INSTRUCTIONS FOR THE TASK -> All that is wanted is a word-for-word retyping of the lines from the one containing "Ontdek de charme" through the end of the material below.

..............................

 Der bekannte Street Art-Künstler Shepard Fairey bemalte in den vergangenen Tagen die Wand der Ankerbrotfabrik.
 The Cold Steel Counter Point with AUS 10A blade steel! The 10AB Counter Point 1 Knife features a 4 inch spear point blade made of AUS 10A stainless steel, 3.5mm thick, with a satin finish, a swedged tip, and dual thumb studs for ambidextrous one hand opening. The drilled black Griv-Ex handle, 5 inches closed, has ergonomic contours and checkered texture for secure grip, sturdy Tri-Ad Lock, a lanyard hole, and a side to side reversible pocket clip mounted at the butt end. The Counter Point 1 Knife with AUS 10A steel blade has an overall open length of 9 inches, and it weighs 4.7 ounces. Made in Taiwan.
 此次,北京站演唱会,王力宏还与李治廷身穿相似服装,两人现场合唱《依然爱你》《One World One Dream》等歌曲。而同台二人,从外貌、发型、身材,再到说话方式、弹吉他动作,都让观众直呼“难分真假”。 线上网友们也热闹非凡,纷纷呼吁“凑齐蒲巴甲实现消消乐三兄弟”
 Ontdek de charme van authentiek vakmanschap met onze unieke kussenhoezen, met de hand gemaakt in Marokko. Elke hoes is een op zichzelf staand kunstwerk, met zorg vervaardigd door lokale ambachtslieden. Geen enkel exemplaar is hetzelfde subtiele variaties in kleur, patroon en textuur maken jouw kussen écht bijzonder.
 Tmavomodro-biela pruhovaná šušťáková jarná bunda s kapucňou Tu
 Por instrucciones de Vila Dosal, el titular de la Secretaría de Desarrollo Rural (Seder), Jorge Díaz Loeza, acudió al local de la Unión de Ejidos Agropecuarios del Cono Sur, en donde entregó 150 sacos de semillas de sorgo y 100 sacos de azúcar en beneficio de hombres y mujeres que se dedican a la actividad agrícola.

..............................

RESULT ->
 Ontdek de charme van authentiek vakmanschap met onze unieke kussenhoezen, met de hand gemaakt in Marokko. Elke hoes is een op zichzelf staand kunstwerk, met zorg vervaardigd door lokale ambachtslieden. Geen enkel exemplaar is hetzelfde subtiele variaties in kleur, patroon en textuur maken jouw kussen écht bijzonder.
 Tmavomodro-biela pruhovaná šušťáková jarná bunda s kapucňou Tu
 Por instrucciones de Vila Dosal, el titular de la Secretaría de Desarrollo Rural (Seder), Jorge Díaz Loeza, acudió al local de la Unión de Ejidos Agropecuarios del Cono Sur, en donde entregó 150 sacos de semillas de sorgo y 100 sacos de azúcar en beneficio de hombres y mujeres que se dedican a la actividad agrícola.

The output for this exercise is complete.